آخری (لیکن / مگر/ پر) (ہر گز/ کسی بھی لحاظ سے) خفیف / حقیر / قلیل / اصغر / صغیر / ادنٰی / کم (تر / ترین) نہیں 
aakhiri (lekin/magar/par) (har giz/kisi bhi liHaaz se) xafeef/Haqeer/qaleel/asghar/sagheer/adnaa/kam (tar/tareen) naheeN

آخری (لیکن / مگر/ پر) برابر/ یکساں توجہ (کے/ کی) حامل 
aakhiri (lekin/magar/par) baraabar/yaksaaN tawajjoh (ke/ki) Haamil
Last, but deserving of equal attention

آخری (لیکن / مگر/ پر) (معمولی/غیر اہم) نہیں
aakhiri (lekin / magar / par) (ma'amuli/ghair aham) naheeN
Last, but not trivial/ordinary/unimportant


----------



## Qureshpor

axiirlii par k_haTT zaruurii na'iiN

pichhaRlii par k_haTT zaruurii na'iiN

(Punjabi)


----------



## marrish

Alfaaz said:


> In addition to the great rhyming answer by UM SaaHib, these also seem to be used by speakers and on TV:
> 
> آخری (لیکن / مگر/ پر) (ہر گز/ کسی بھی لحاظ سے) خفیف / حقیر / قلیل / اصغر / صغیر / ادنٰی / کم (تر / ترین) نہیں
> aakhiri (lekin/magar/par) (har giz/kisi bhi liHaaz se) xafeef/Haqeer/qaleel/asghar/sagheer/adnaa/kam (tar/tareen) naheeN
> 
> آخری (لیکن / مگر/ پر) برابر/ یکساں توجہ (کے/ کی) حامل
> aakhiri (lekin/magar/par) baraabar/yaksaaN tawajjoh (ke/ki) Haamil
> Last, but deserving of equal attention
> 
> آخری (لیکن / مگر/ پر) (معمولی/غیر اہم) نہیں
> aakhiri (lekin / magar / par) (ma'amuli/ghair aham) naheeN
> Last, but not trivial/ordinary/unimportant


Wow it is a whole array of possibilities! Thank you for spending your time on this extensive answer!

What is your choice?


----------



## Alfaaz

marrish said:
			
		

> What is your choice?


It would probably depend on context. 
Ma'amuli/ghair aham could sound awkward and perhaps rude for a person, but would be good for a point/topic_ "aakhiri nuqtah, lekin har giz ghair aham naheeN"_ 
The first and second sound good for people : _aakhiri contestant, lekin baraabar tawajjoh ke/ki Haamil ; aakhiri contestant, lekin apne hunar meiN kam (tar/tareen) naheeN_


----------



## greatbear

I wouldn't translate it to Hindi, as I don't see any need to - we convey our ideas differently using a different dynamics of language. "Last but not least" is also an overused expression in English IMO.


----------



## UrduMedium

QURESHPOR said:


> I like it too, marrish SaaHib. It is precise, to the point and even poetic! I just feel that "Haqiir"  may not quite convey the sense of..
> 
> Last (matter) but not least (important)
> 
> I thought of..
> 
> pasiin magar nah kam-tariin



QP saahab, this one's a winner. I love it! I suggest employing the two Ghunnas instead, for even better impact: *pasiiN, magar nah kam-tariiN ...*


----------



## marrish

greatbear said:


> I wouldn't translate it to Hindi, as I don't see any need to - we convey our ideas differently using a different dynamics of language. "Last but not least" is also an overused expression in English IMO.

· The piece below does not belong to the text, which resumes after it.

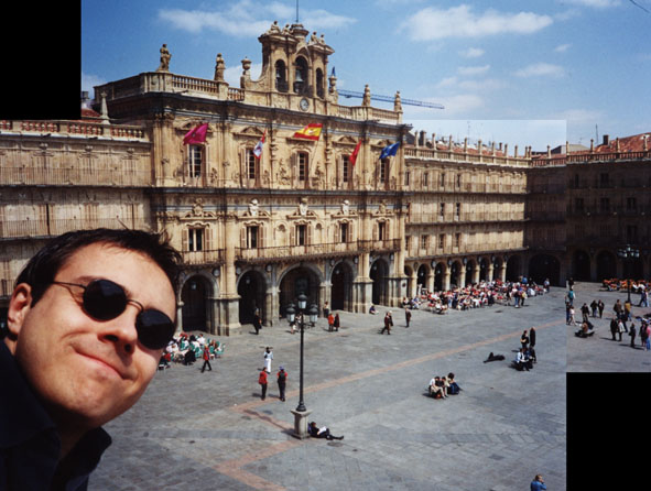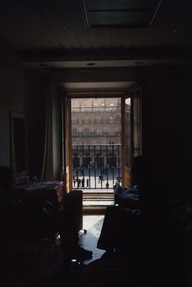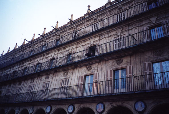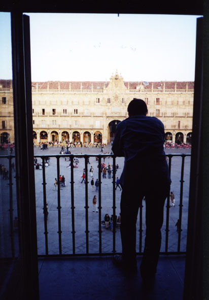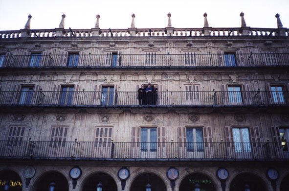 The Plaza Mayor (the main square) in Salamanca is one of the most beautiful ones in Spain. Other Plazas Mayores were modelled after the image of that square, also the one in Madrid. Due to Elisa we had the luck to have our accomodation directly at the Plaza Mayor. And if I write directly, I mean DIRECTLY. We had a balcony heading to the inside of the plaza. An amazing view. And now you ask yourself probably "Wow, they obviously had to pay a lot of money for the room..."´, and I say "If 13 € per person are a lot..."

That's fair enough. How would you convey the idea behind ''last but not least'', employing this ''different dynamics'', for Hindi?


----------



## Qureshpor

UrduMedium said:


> QP saahab, this one's a winner. I love it! I suggest employing the two Ghunnas instead, for even better impact: *pasiiN, magar nah kam-tariiN ...*


Thank you. Yes, with nuun-i-Ghunnah it would sound nicer. But for this to pass its final test, I'll  need more than just one vote!!


----------



## greatbear

marrish said:


> That's fair enough. How would you convey the idea behind ''last but not least'', employing this ''different dynamics'', for Hindi?

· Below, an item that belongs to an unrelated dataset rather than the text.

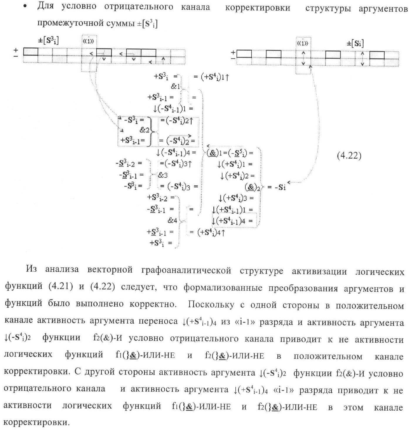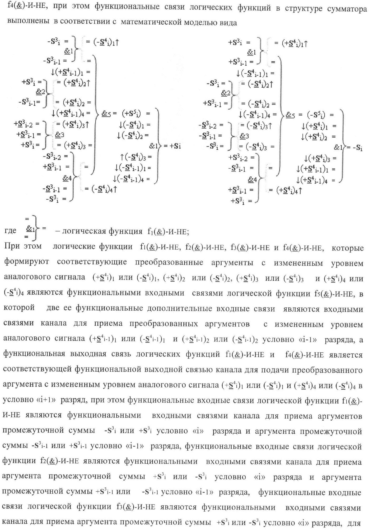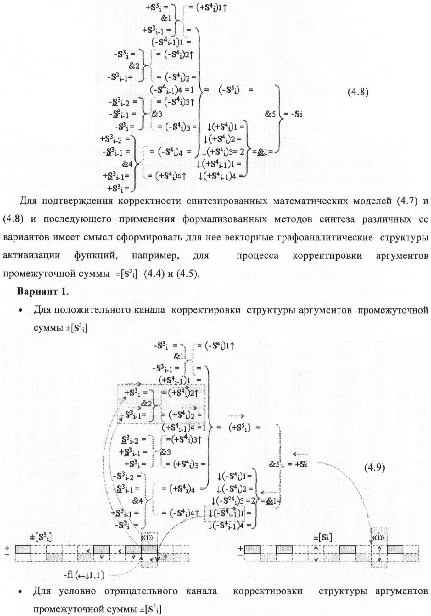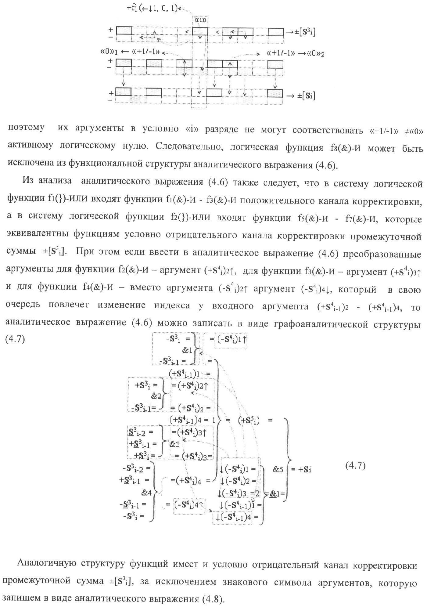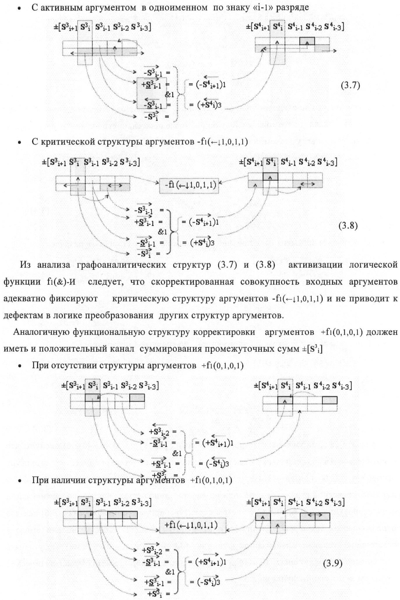 1. Функциональная структура корректировки аргументов промежуточной суммы ±[S3i] параллельного сумматора в позиционно-знаковых кодах f(+/-), условно «i» разряд которой выполнен в виде двух эквивалентных по структуре логических функций положительного и условно отрицательного каналов корректировки аргументов, и каждый канал «i» разряда включает три логические функции f1(&)-И, f3(&)-И и f4(&)-И, которые формируют преобразованные аргументы или  или и или при этом две функциональные дополнительные входные связи являются входными связями канала для приема преобразованных аргументов или и или условно «i-1» разряда, а функциональные выходные связи логических функций f1(&)-И и f4(&)-И, которые формируют преобразованный аргумент или и или условно «i» разряда также являются функциональными выходными связями канала для подачи аргумента в «i+1» разряда, при этом функциональные входные связи логической функции f1(&)-И являются функциональными входными связями канала для приема аргумента промежуточной суммы или условно «i» разряда и аргумента промежуточной суммы или условно «i-1» разряда, при этом функциональные входные связи логической функции f4(&)-И являются функциональными входными связями канала для приема аргументов промежуточной суммы или условно «i» разряда, для приема аргументов промежуточной суммы с измененным уровнем аналогового сигнала или условно «i-1» разряда и аргументов промежуточной суммы или условно «i-2» разряда, а функциональные входные связи логической функции f3(&)-И являются функциональными входными связями канала для приема аргументов промежуточной суммы или условно «i» разряда и аргументов промежуточной суммы с измененным уровнем аналогового сигнала или условно «i-1» разряда, отличающаяся тем, что в условно «i» разряда каждого канала введена логическая функция f2(&)-И, которая формирует преобразованный аргумент или логическая функция f1(}&)-ИЛИ-НЕ и логическая функция f2(}&)-ИЛИ-НЕ, которая формирует выходной аргумент результирующей суммы +Si или -Si, при этом функциональные связи логических функций в структуре сумматора выполнены в соответствии с математической моделью вида

That will depend on context and conversation, for it will be translated in different ways, not with one readymade formula. If you can produce an example conversation, I can supply you the Hindi bit.


----------



## JaiHind

Instantly अंततः comes to my mind in Hindi. But it means "in the end" and not exactly "last but not the least". I will think again and reply/contribute if I get something more appropriate...


----------



## greatbear

Good answer, JH, because अंततः often means "last but not least".


----------



## marrish

greatbear said:


> That will depend on context and conversation, for it will be translated in different ways, not with one readymade formula. If you can produce an example conversation, I can supply you the Hindi bit.

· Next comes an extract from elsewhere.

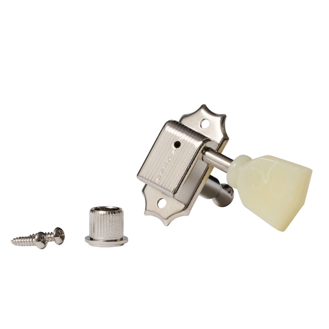 Upgrade your guitar with the Gibson PMMH-040 Kluson Deluxe Reissue-style Tuner Set in Nickel. These tuners replicate the classic design of Gibson’s vintage Les Paul machine heads from the 1950s. They are manufactured to the exact OEM specifications, ensuring both authenticity and high performance. The nickel finish gives these tuners a timeless look that enhances the classic appeal of any guitar headstock. Made with pearloid buttons, these tuners provide a touch of vintage elegance while maintaining modern functionality.

You're right, the context is very important. The conversation was something along these lines:

_Person K_: Even if this isn't a part of one's religious and cultural heritage, humanity requires that we deal with our fellow human beings with sincerity, honesty, kindness and *last but not least*, utmost courtesy.
_Person Kh_: Very wise words, and you are right.

I'm looking forward to your contribution so that we can have this sentence in Hindi.


----------



## marrish

JaiHind said:


> Instantly अंततः comes to my mind in Hindi. But it means "in the end" and not exactly "last but not the least". I will think again and reply/contribute if I get something more appropriate...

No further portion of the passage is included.